Combien consomme d’eau un champ de maïs classique ?.

La quantité d’eau nécessaire pour irriguer un champ de maïs dépendra de plusieurs facteurs, tels que le type de sol, le climat, le stade de croissance du maïs et les pratiques d’irrigation utilisées. En général, un champ de maïs classique peut consommer entre 500 et 800 millimètres d’eau par saison de croissance. C’est par exemple l’équivalent des précipitations de toute une année normale en région parisienne. C’est dire la consommation que la maïs nécessite

Pour donner un ordre de grandeur, cela signifie que pour irriguer un hectare de maïs, il faudrait en moyenne environ 500 à 800 mètres cubes d’eau, soit 500 000 à 800 000 litres d’eau. Cela équivaut à environ 2 000 à 3 200 baignoires remplies d’eau.

Bien évidemment, suivant la météo mais aussi l’utilisation de pratiques d’irrigation efficaces et durables, telles que l’irrigation localisée ou l’irrigation de précision qui peut être programmée à certains moments de la journée, on pourra réduire considérablement la quantité d’eau nécessaire pour cultiver des cultures, y compris le maïs.

Et pour un champ de blé ?

La quantité d’eau nécessaire pour irriguer un champ de blé dépend là encore de plusieurs facteurs évoqués plus haut pour le maïs. En général, un champ de blé classique peut consommer entre 400 et 700 millimètres d’eau par saison de croissance.

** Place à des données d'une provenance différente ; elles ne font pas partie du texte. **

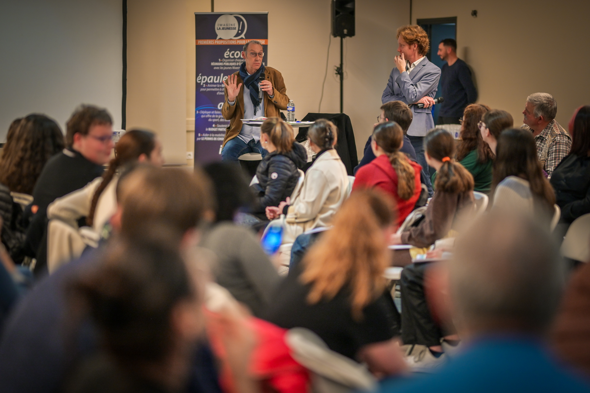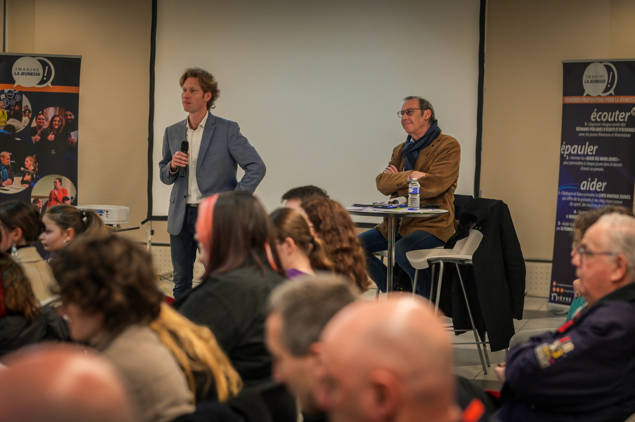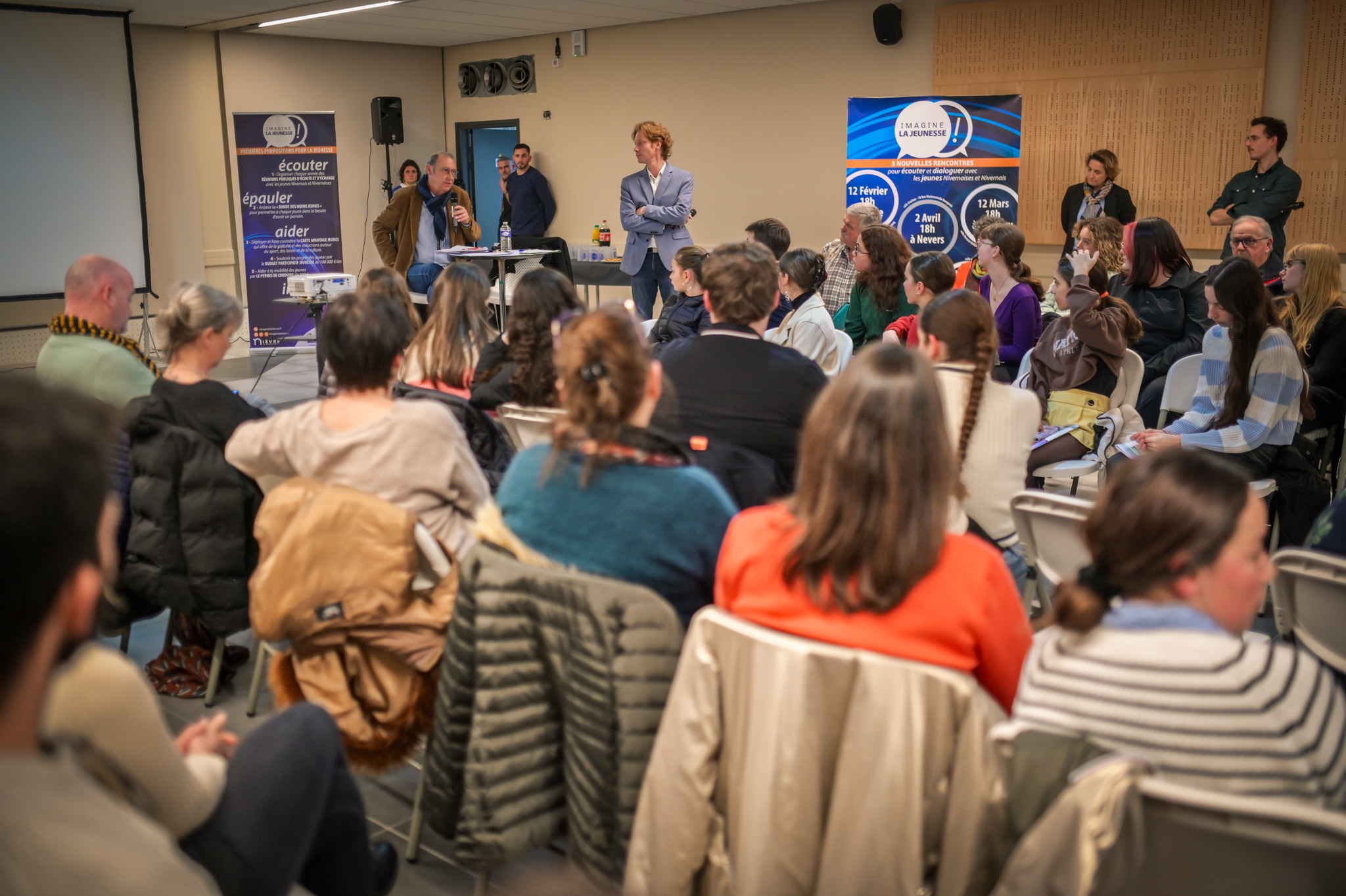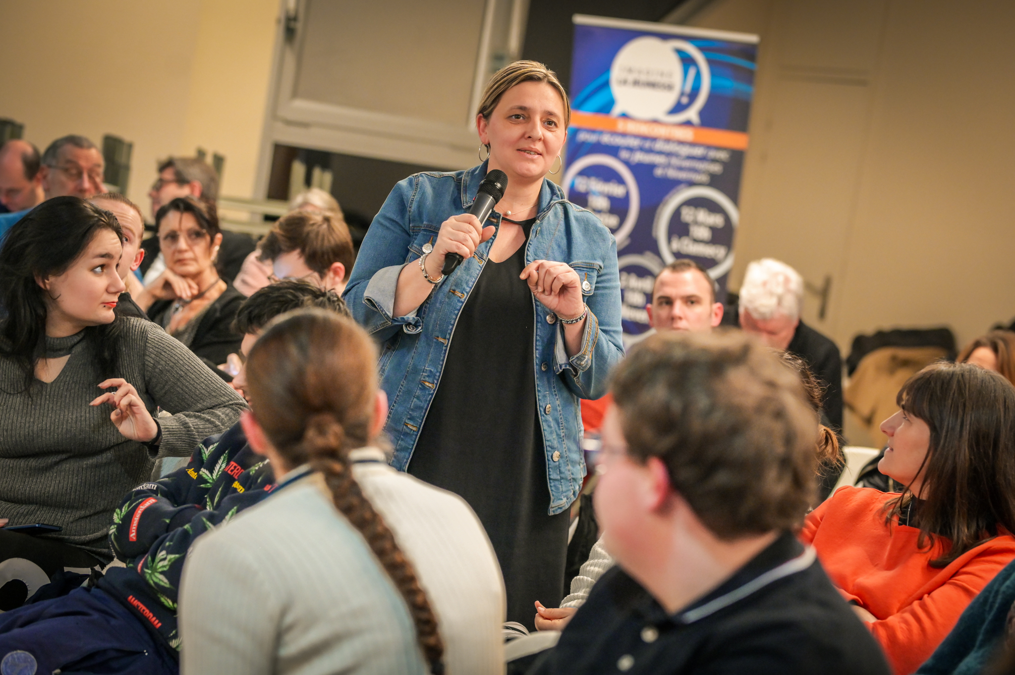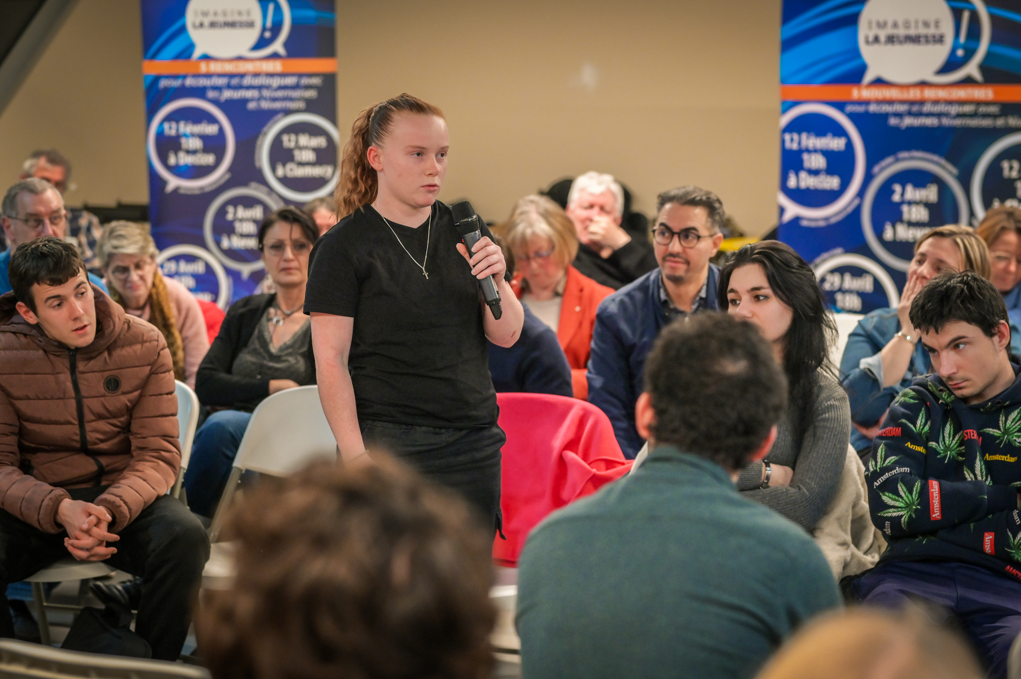 « Une salle qui est remplie de jeunes, c’est assez rare pour être souligné », souligne en préambule Justine Guyot, maire de Decize et vice-présidente du Conseil départemental, qui lève les timidités de l’auditoire en témoignant de son parcours : « J’ai eu mon premier mandat électif à 26 ans, ça prouve qu’il faut croire en la force de sa jeunesse. À Decize, on est très attachés à ces échanges citoyens, au contact direct avec les habitants. On ne peut plus penser les politiques publiques autrement qu’avec les jeunes, et pour les jeunes. »

Pour donner une petite estimation et une comparaison, cela signifie que pour irriguer un hectare de blé, il faudrait en moyenne environ 400 à 700 mètres cubes d’eau, soit 400 000 à 700 000 litres d’eau. Cela équivaut à environ 1 600 à 2 800 baignoires remplies d’eau.

Cependant, comme pour le maïs, l’utilisation de pratiques d’irrigation efficaces et durables peut aider à réduire considérablement la quantité d’eau nécessaire pour cultiver du blé. Des techniques telles que l’irrigation localisée, et la culture sans labour peuvent aider à économiser de l’eau et à améliorer l’efficacité de l’irrigation. De plus, certaines variétés de blé peuvent être sélectionnées pour leur capacité à tolérer des conditions de stress hydrique, ce qui peut réduire encore davantage les besoins en eau pour la culture du blé.